[Date Prev][Date Next][Thread Prev][Thread Next][Date Index][Thread Index]
Re: [Qemu-devel] [RFC PATCH v2 1/1] s390x/css: unrestrict cssids
From: |
Dong Jia Shi |
Subject: |
Re: [Qemu-devel] [RFC PATCH v2 1/1] s390x/css: unrestrict cssids |
Date: |
Thu, 30 Nov 2017 11:16:24 +0800 |
User-agent: |
Mutt/1.5.21 (2010-09-15) |
* Halil Pasic <address@hidden> [2017-11-29 17:30:15 +0100]:
>
>
> On 11/29/2017 12:47 PM, Cornelia Huck wrote:
> > On Wed, 29 Nov 2017 16:17:35 +0800
> > Dong Jia Shi <address@hidden> wrote:
> >
> >> * Halil Pasic <address@hidden> [2017-11-28 14:07:58 +0100]:
> >>
> >> [...]
> >>> The auto-generated bus ids are affected by both changes. We hope to not
> >>> encounter any auto-generated bus ids in production as Libvirt is always
> >>> explicit about the bus id. Since 8ed179c937 ("s390x/css: catch section
> >>> mismatch on load", 2017-05-18) the worst that can happen because the same
> >>> device ended up having a different bus id is a cleanly failed migration.

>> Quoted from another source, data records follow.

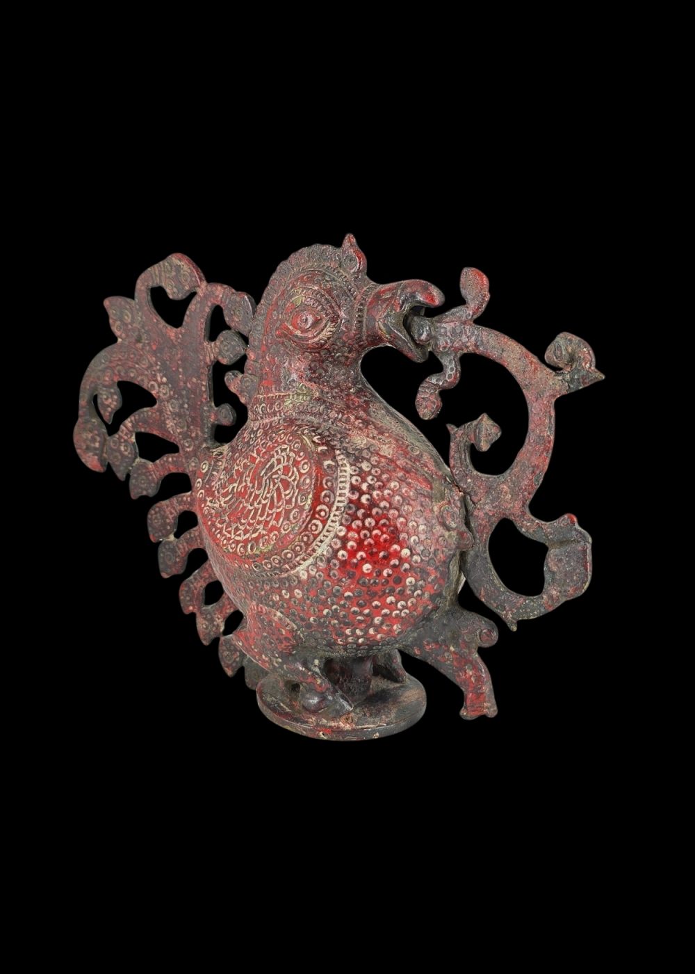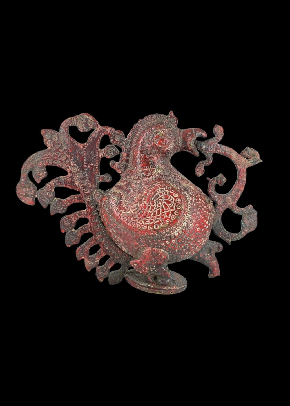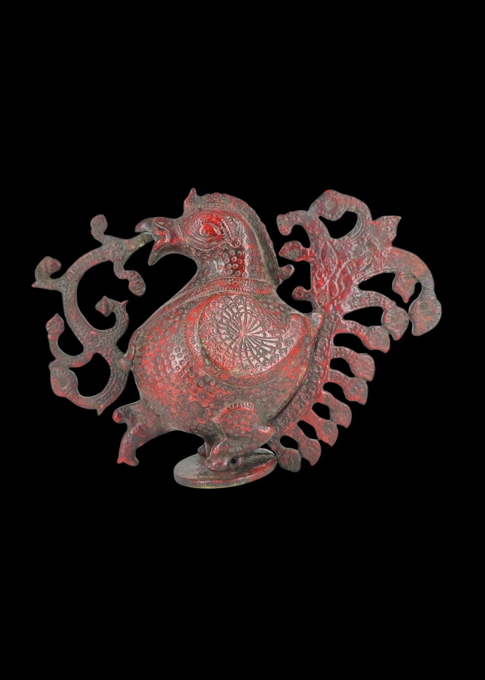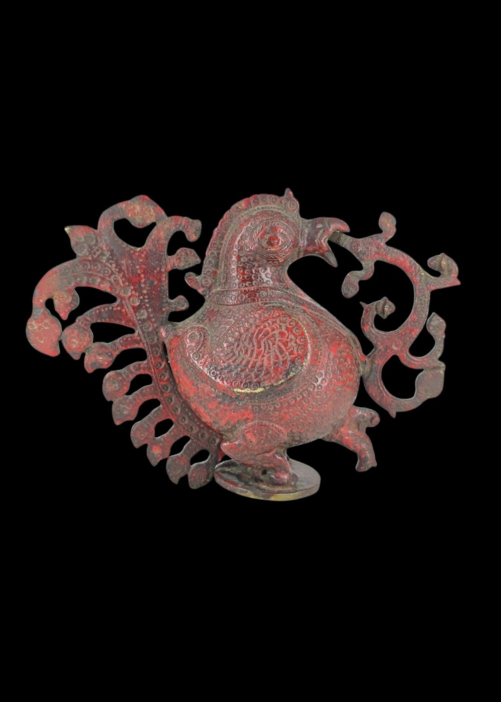 This is a striking brass peacock figurine finished with a distinctive red patina, featuring richly detailed plumage and ornate patterns on its body and tail. The flowing, stylized shapes and intricate designs reflect skilled Indian metalwork, making it a vibrant decorative centerpiece and collectible art piece.
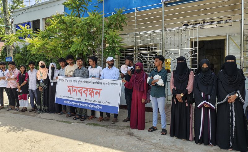শ্যামনগরে নদীর চরে গাছ হত্যার প্রতিবাদে মানববন্ধন
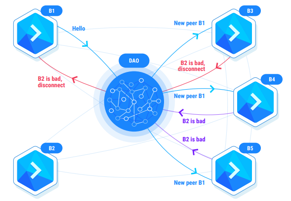 Buddy verwendet ein eigenes P2P-Netzwerk, dessen Peers von Buddy's DAO moderiert werden. Neue Peers melden ihre Adresse an die Organisation, die später verwendet wird, um Listen von Peers von anderen Knoten abzurufen. Außerdem können Knoten Buddy melden, dass ein Peer defekt oder unehrlich ist. Dies kann auf technische Probleme (z. B. keine Verbindung) oder auf Missbrauch zurückzuführen sein.

> >>> I find it hard to reason about the impact of changed auto-generated bus
> >>> ids on migration for command line users as I don't know which rules is
> >>> such an user supposed to follow.
> >> For this paragraph, Halil pointed to me a case that he is thinking of.
> >> 1. VM configuration with 3 devices:
> >> -device virtio (e.g. virtio-blk-ccw,id=disk0)
> >> -device vfio-ccw (e.g. id=vfio0)
> >> -device virtio (e.g. virtio-rng-ccw,id=rng0)
> >> 2. Start the vm.
> >> 3. device_del vfio0
> >> 4. migrate "exec:gzip -c > /tmp/tmp_vmstate.gz"
> >> 5. modify cmd line from step 1 by removing the vfio0 device, and adding:
> >> -incoming "exec:gzip -c -d /tmp/tmp_vmstate.gz"
> >>
> >> Let me list my test results here for everybody's reference.
> >>
> >> W/o this patch
> >> ==============
> >>
> >> ------------+---------------+-------------
> >> | squashing off | squashing on
> >> ------------+---------------+-------------
> >> auto id | F | F
> >> ------------+---------------+-------------
> >> explicit id | F | S
> >> ------------+---------------+-------------
> >>
> >> T1. squashing off + auto id
> >> qemu-system-s390x: vmstate: get_nullptr expected VMS_NULLPTR_MARKER
> >> qemu-system-s390x: Failed to load s390_css:css
> >> qemu-system-s390x: error while loading state for instance 0x0 of device
> >> 's390_css'
> >> qemu-system-s390x: load of migration failed: Invalid argument
> >> [Fail due to css mismatch - there is no css 0 in the new vm.]
> >>
> >> T2. squashing off + explicit given id
> >> qemu-system-s390x: vmstate: get_nullptr expected VMS_NULLPTR_MARKER
> >> qemu-system-s390x: Failed to load s390_css:css
> >> qemu-system-s390x: error while loading state for instance 0x0 of device
> >> 's390_css'
> >> qemu-system-s390x: load of migration failed: Invalid argument
> >> [Fail due to css mismatch - there is no css 0 in the new vm.]
> > Hmm... so should we even try to migrate an empty css 0? It only exists
> > because we have created a device that we had to detach anyway because
> > it was non-migrateable...
> >
> > [Probably no easy way to deal with this, though.]
> >
>
> We could make the thing go away when the last device is gone.
Is it possible to free the empty css in a .pre_save handler somewhere?
> I see a general problem with implicitly generated shared stuff.
>
> Obviously we can't fix the past.
Nod.
>
> @Dong Jia:
>
> Thanks for doing the experiments and publishing your findings.
>
Just want to ease the review. No need mention. :)
--
Dong Jia Shi